Ugh, call it karma, my mean april fool's day joke has come back all ready to bite me in the arse.   
I got a peak into the alternate universe that could have been my life  had I received photopharesis on an older machine, which takes 3-4 hours per treatment.
If I wanted to take a step deeper into the realm of what could have been my personal hell, I'd imagine traveling 6 hours round trip to Boston to receive the procedure.      
But I won't. 
My mind won't go there.
 If it did the gray matter cushioning my think tank might start leaking out my ears causing random synapse firings until my brain electrified to mush. 
That's just a possibility though, not that I've thought about it. 
So thank goodness
photopheresis at dhmc can be done using a new machine that re-fuses my blood as it is removed, cutting the time in half! Hooray.  
But as punishment for my misbehaviors, my central line refused to work adding two+ hours of prep to the 3 hour procedure then I had to trek to interventional radiology only to be told to come back at 6:45 am yesterday morning!
  Yes, I spent from 8am to 4:30 at the hospital Thursday and will spend a good amount of time there Friday undergoing another procedure.
Luckily, this gave my dad plenty of time to donate platelets, which he is scheduled to do every two weeks while I'm in treatment.
What a good man. Anybody who accompanies me to treatment does have the option of donating blood while I undergo my procedure, just a thought.
It appears one of the wires in my catheter, or line, is kinked at the end. There could be a fibrogen clot flapping back and forth intermittently occluding the line. 
The end of the line is currently sitting in the superior vena cava but can be moved into the right atrium.
 For this reason, the wire must be removed and replaced. 
Not such a big deal except I have to receive conscious sedation.
 I used to love the stuff. It made me high as a kite. I'd even send "eprazolam emails" much like normal twentysomethings' embarrassing drunken dials, but now I just sleep and sleep and sleep.
 And I have plans dammit!  
Lots of plans that include fun with my friends, family and a bbq, which I need to be awake for. 

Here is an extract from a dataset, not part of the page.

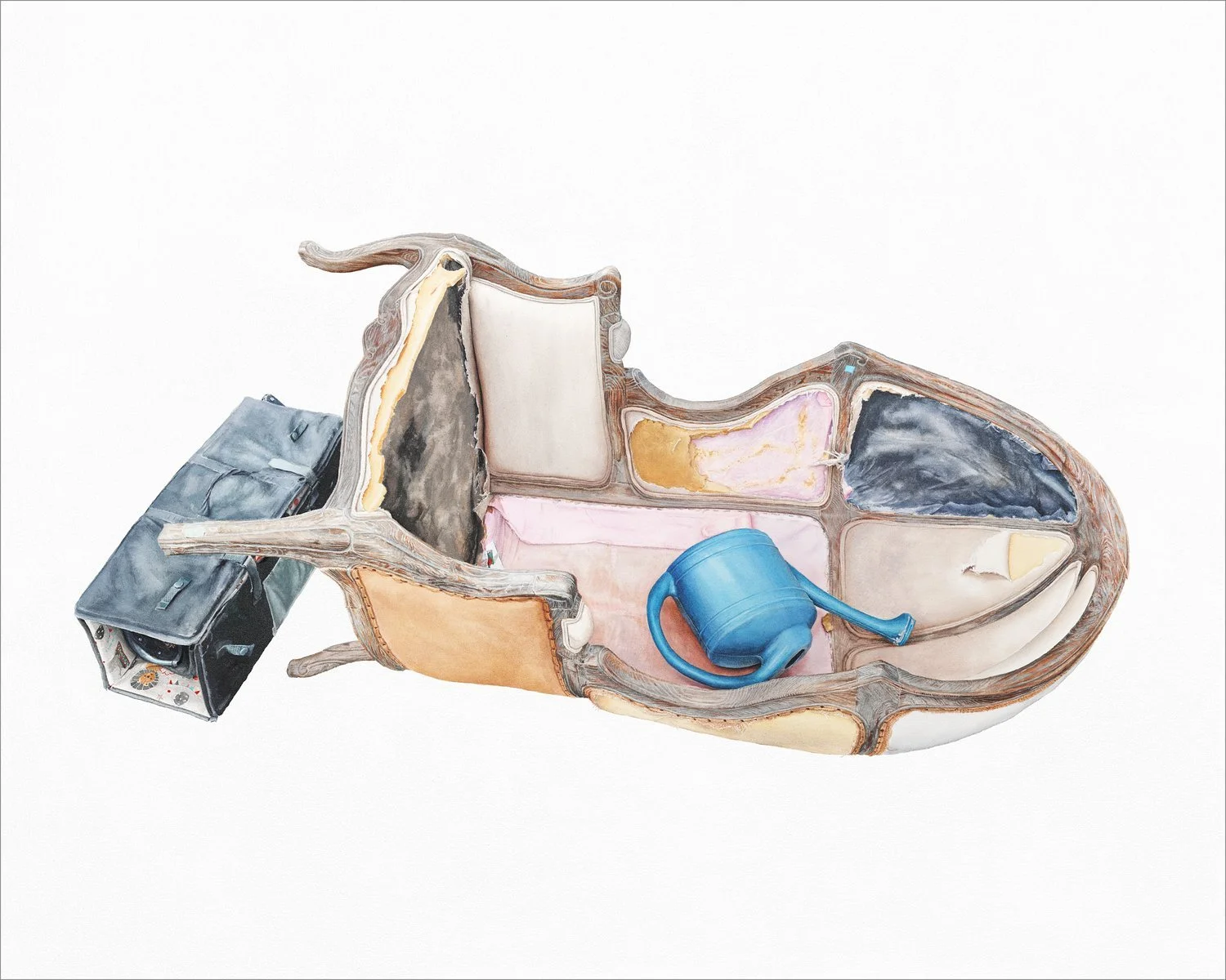 Jason Webb is an Austin-based artist who spends his Sundays driving through unfamiliar neighborhoods photographing once private possessions, now publicly disowned. From those photographs, he studiously paints individual piles isolated against white backgrounds.
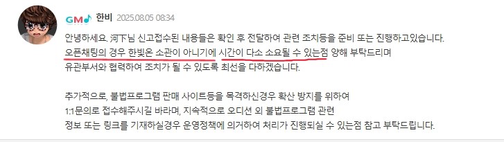 커뮤니티 토크라운지 패션갤러리 앙케이트 Auditoon 팩존오픈채팅 없애라ㅡㅡ 작성자 河下 등록일 2025-08-05 18:30 추천수 0 조회수 88 ㅇㅇㅇ핵 신고한 리플 문의 넣으면 시간이 다소 소요된다고 하고 몇년이 지나도 못잡는것과 같네? 그럼 못잡는다는건가 배파에서 핵쓰는애들은 잘만 잡으면서 공방이나 팸배 각종대회에서 쓰는 핵은 왜 못잡는거야? 진짜 궁금하네한빛온 소관이 아니어도 한빛온오디션 프로그램을 변조해서 만들어 판매중인데 얼른 조치를 해야 하지 않나 싶다 작성자 명 河下 레벨 [LV.1몸치] 성별 목록 글번호, 제목, 등록일 순 공지사항 표 번호 제목 작성자 등록일 추천 조회수 공지 [안내] 게임 내 비정상 플레이 제재 안내 2025.12.04 - - 공지 [사전안내] Windows 10 서비스 종료에 따른 지원 중단... 2025.07.31 - - 공지 [안내] 2025.05.15 신규 패처 배포 및 다운로드 안내 2023.12.28 - - 공지 [안내] 윈도우 디펜더(Windows defender) 관련 설정 ... 2021.08.19 - - 공지 [안내] d3dx9_43.dll 오류 발생 시 관련 안내(다이렉... 2022.01.06 - - 공지 [안내] 클라이언트 수동 설치 안내 (240104) 2021.02.04 - - 56380 챌대 해도 2025.12.13 0 164 56379 운영자님 챌린대회~ 나를닮은너 2025.12.13 0 157 56378 팩 오버클럭 [2] perfect 2025.12.13 1 328 56377 ★ 최고서리2 댄스 RIIZE - Sticky Like 최고서리2 2025.12.13 0 14 56376 ★최고서리2 TAEYONG 태용 TAP 최고서리2 2025.12.13 0 11 56375 ★ 최고서리2 댄스 노아주다 (noahjooda) - 힙합보단 ... 최고서리2 2025.12.12 0 27 56374 인게임중에 팸명이랑 닉네임 삐뚤어진거 남친룩 2025.12.12 0 264 56370 혹시 패치이후 글자 깨져서 보이는분 안계신가요? 구타 2025.12.11 0 315 56369 영자님 홈페이지 신상잠옷이요 [1] 영심 2025.12.11 1 649 56368 아 진짜 그지같은 게임 접던지 해야지 [2] 김기범 2025.12.11 0 937 56367 잘가요 내 소중한 63곡아 행복했어요 [1] 안경오크돼지 2025.12.10 3 722 56366 내일 점검 음원 63곡 삭제 떵 때리고 있네!! [1] 좋음 2025.12.10 4 812 56363 스샷 저장된거 어디잇나요 [1] 내맘조뚜몰랑 2025.12.09 0 692 56362 진짜 오랜만에 접속했는데 비트업 안되네요?ㅠㅠ [1] 타라니스 2025.12.07 0 498 56361 바지이름 궁금해요 [2] 이재시 2025.12.06 0 1146 글쓰기 12345678910 제목 글쓴이 검색 검색

I'm warning the staff that if I ask for more versed I don't really need it, no matter how much I insist. It's just me mumbling in my drugged haze, and absolutely under no circumstances are they to give me benadryl or they can kiss me goodnight until saturday. 
To tip off my evening, while watching Bones, one of my favorite shows, in the opening scene the psychiatrist is sitting next to a person who just received the news he had beat lymphoma. The guy announces all the things he's going to do with his newfound life before a water main breaks thrusts him from his chair, he hits his head and dies.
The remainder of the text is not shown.